Exact copies of all the lines below are required, with the pictures omitted.

RECORDED INFORMATION:

::::::::

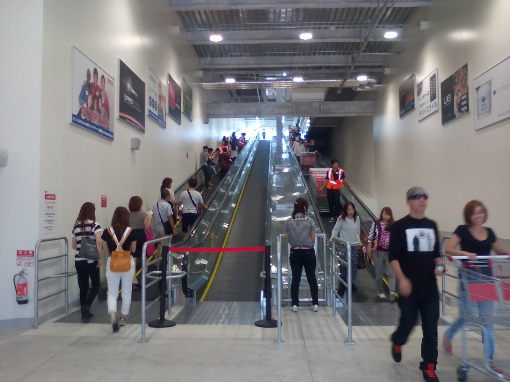車をとめ2Fの駐車場から1Fの入り口へ降りるのにエスカレーターに乗りました。
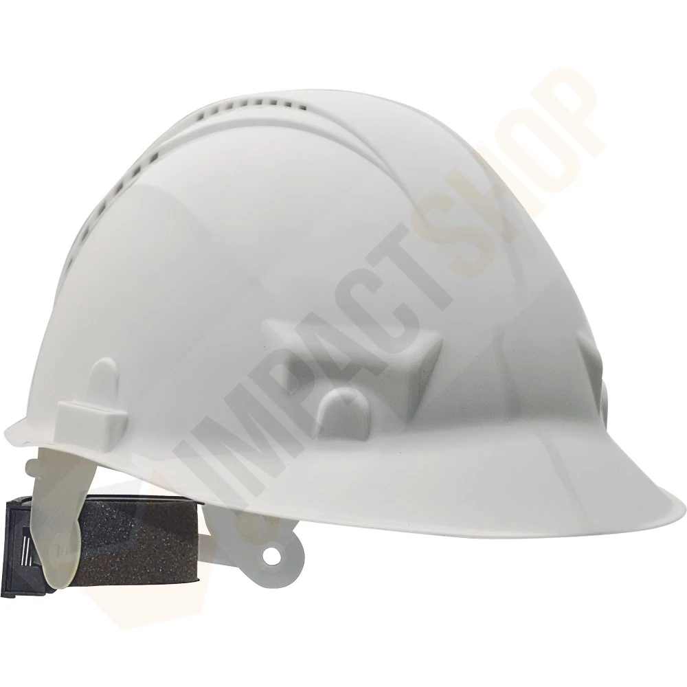 » ellenálló HDPE sisak szellőző kivitelben 6 pontos, műanyag hevederrel és automatikusan mérethez igazodó fejkosárral (53-62 cm) » hőmérséklet: -20 °C- tól 50 °C-ig » élettartam: 5 év » tömeg: 330 g » szabvány: EN 397
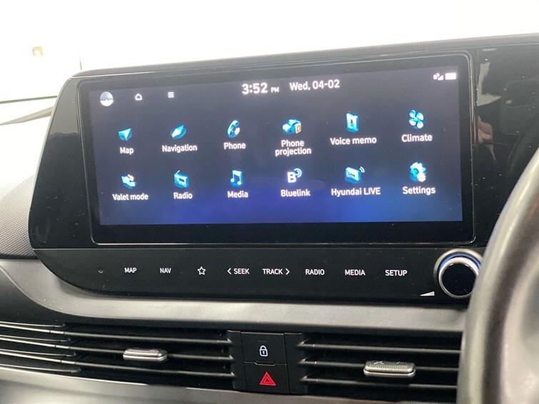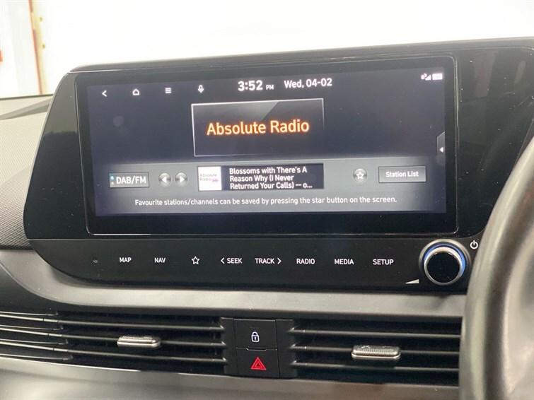 10.25"" digital supervision cluster,10.25"" touchscreen centre console display satellite navigation including traffic messaging channel,,12V power outlet in front console,17"" Alloy wheels,2 front and 2 rear speakers with 2 tweeters,3 point front seatbelts with pre-tensioners,3 point rear seatbelts,3 rear seats,60/40 split folding rear seat,Adjustable head restraints,Adjustable intermittent front windscreen wipers with aero wiper blade,Airbags - front, front side and curtain airbags,Anti-lock braking system (ABS),Auto dimming rear view mirror,Automatic climate control with defog system for front windscreen,Automatic headlights with dusk sensor,Automatic windscreen wipers with rain sensor,Autonomous emergency braking,Black mono interior trim,Blue interior mood lighting,Bluelink telematics,Bluetooth connectivity with voice recognition,Body colour bumpers,Body colour door handles,Body colour door mirrors with integrated indicators,Cabin and luggage compartment interior lighting,Childproof rear door locks,Chrome finish window surround,Cloth seat trim,Cruise control with speed limiter,DAB radio,Deadlocks,Drive mode selector,Driver attention alert system,Driver's seat manual height adjustment,eCall emergency call system,Electric adjustable/heated/folding door mirrors,Electric front/rear windows with drivers one touch/anti-trap,Electric power steering,Electronic Stability Programme (ESP),Emergency stop signalling system,Forward collision assist with pedestrian monitoring and cycle detection,Front and rear seatbelt reminder,Front armrest/storage,Front passenger airbag deactivation switch,Gloss black radiator grille,Heated front seats,Heated steering wheel,Height adjustable front seatbelts,Height/reach adjustable steering column,High beam assist,Hill start assist control (HAC),Illuminated driver/passenger vanity mirror,Immobiliser,Impact sensing auto door unlocking,Interior front map reading light,Isofix child seat anchorage points - rear,Lane departure warning system with lane keep assist - LKAS,Leather wrapped gear shift knob,Leather wrapped steering wheel,LED daytime running lights,LED headlamps,LED rear combination lights,Locking wheel nuts,Luggage board,Michelin Tyre brand,Perimeter alarm,Phone connection with apple carPlay and android auto,Privacy glass - Rear windows and tailgate,Rear parking sensors,Rear roof spoiler with integrated LED brake light,Rear side wing doors,Rear view camera,Rear wash/wipe with intermittent wipe setting,Remote control ce...
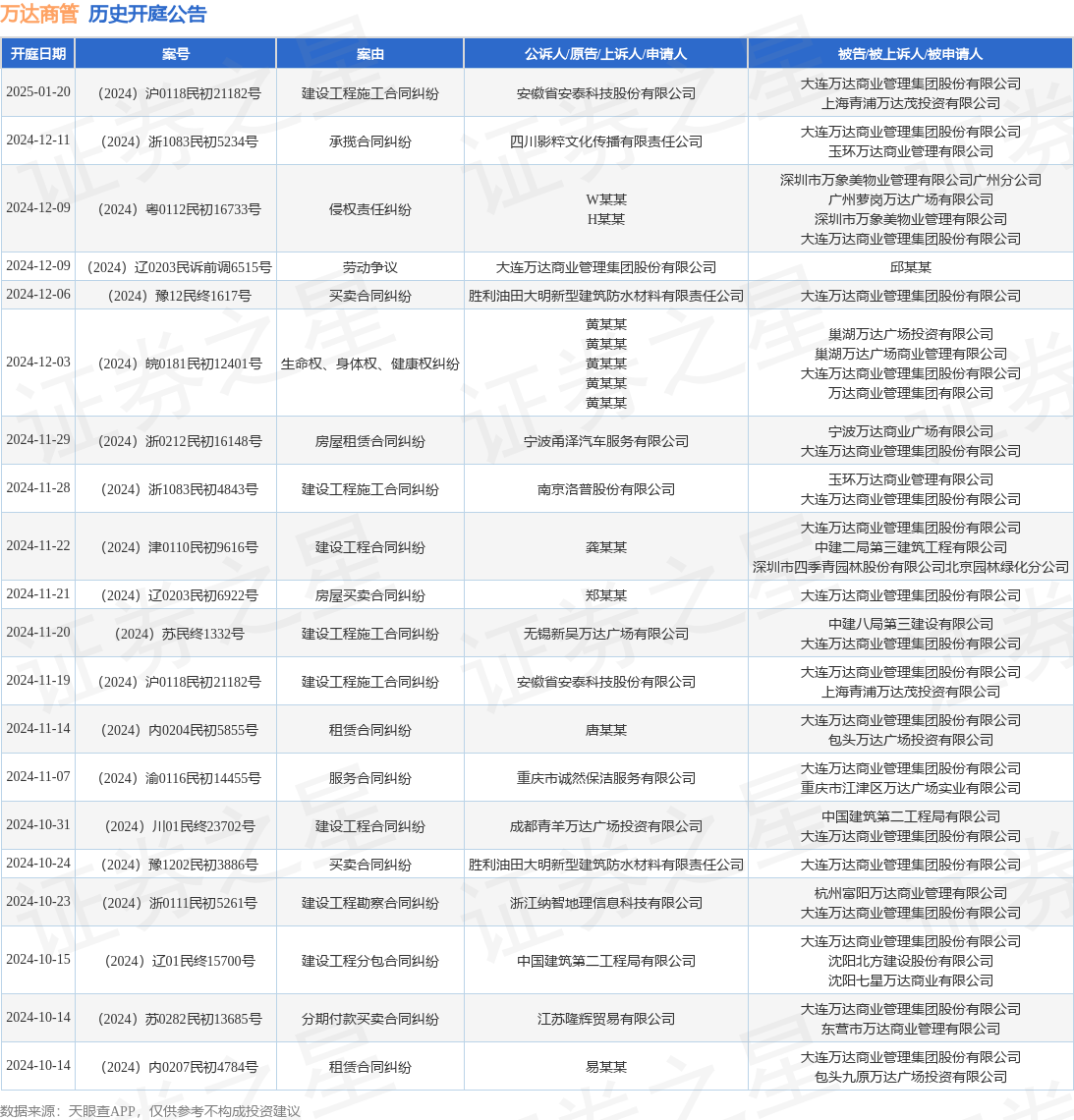 案号:(2024)浙1083民初5234号审理法院:玉环市人民法院案由:承揽合同纠纷当事人信息: 原告/上诉人:四川影粹文化传播有限责任公司 被告/被上诉人:大连万达商业管理集团股份有限公司、玉环万达商业管理有限公司开庭日期:2024年12月11日根据统计,近一年内以大连万达商业管理集团股份有限公司为当事人的历史开庭公告有107则,其中案由为“建设工程施工合同纠纷”的公告以21则居首,其次为“建设工程合同纠纷”有11则,“建设工程分包合同纠纷”有10则。历史开庭公告(前20条)如下:

::::::::

RESULT OF THIS EXERCISE:
車をとめ2Fの駐車場から1Fの入り口へ降りるのにエスカレーターに乗りました。
 » ellenálló HDPE sisak szellőző kivitelben 6 pontos, műanyag hevederrel és automatikusan mérethez igazodó fejkosárral (53-62 cm) » hőmérséklet: -20 °C- tól 50 °C-ig » élettartam: 5 év » tömeg: 330 g » szabvány: EN 397
 10.25"" digital supervision cluster,10.25"" touchscreen centre console display satellite navigation including traffic messaging channel,,12V power outlet in front console,17"" Alloy wheels,2 front and 2 rear speakers with 2 tweeters,3 point front seatbelts with pre-tensioners,3 point rear seatbelts,3 rear seats,60/40 split folding rear seat,Adjustable head restraints,Adjustable intermittent front windscreen wipers with aero wiper blade,Airbags - front, front side and curtain airbags,Anti-lock braking system (ABS),Auto dimming rear view mirror,Automatic climate control with defog system for front windscreen,Automatic headlights with dusk sensor,Automatic windscreen wipers with rain sensor,Autonomous emergency braking,Black mono interior trim,Blue interior mood lighting,Bluelink telematics,Bluetooth connectivity with voice recognition,Body colour bumpers,Body colour door handles,Body colour door mirrors with integrated indicators,Cabin and luggage compartment interior lighting,Childproof rear door locks,Chrome finish window surround,Cloth seat trim,Cruise control with speed limiter,DAB radio,Deadlocks,Drive mode selector,Driver attention alert system,Driver's seat manual height adjustment,eCall emergency call system,Electric adjustable/heated/folding door mirrors,Electric front/rear windows with drivers one touch/anti-trap,Electric power steering,Electronic Stability Programme (ESP),Emergency stop signalling system,Forward collision assist with pedestrian monitoring and cycle detection,Front and rear seatbelt reminder,Front armrest/storage,Front passenger airbag deactivation switch,Gloss black radiator grille,Heated front seats,Heated steering wheel,Height adjustable front seatbelts,Height/reach adjustable steering column,High beam assist,Hill start assist control (HAC),Illuminated driver/passenger vanity mirror,Immobiliser,Impact sensing auto door unlocking,Interior front map reading light,Isofix child seat anchorage points - rear,Lane departure warning system with lane keep assist - LKAS,Leather wrapped gear shift knob,Leather wrapped steering wheel,LED daytime running lights,LED headlamps,LED rear combination lights,Locking wheel nuts,Luggage board,Michelin Tyre brand,Perimeter alarm,Phone connection with apple carPlay and android auto,Privacy glass - Rear windows and tailgate,Rear parking sensors,Rear roof spoiler with integrated LED brake light,Rear side wing doors,Rear view camera,Rear wash/wipe with intermittent wipe setting,Remote control ce...
 案号:(2024)浙1083民初5234号审理法院:玉环市人民法院案由:承揽合同纠纷当事人信息: 原告/上诉人:四川影粹文化传播有限责任公司 被告/被上诉人:大连万达商业管理集团股份有限公司、玉环万达商业管理有限公司开庭日期:2024年12月11日根据统计,近一年内以大连万达商业管理集团股份有限公司为当事人的历史开庭公告有107则,其中案由为“建设工程施工合同纠纷”的公告以21则居首,其次为“建设工程合同纠纷”有11则,“建设工程分包合同纠纷”有10则。历史开庭公告(前20条)如下:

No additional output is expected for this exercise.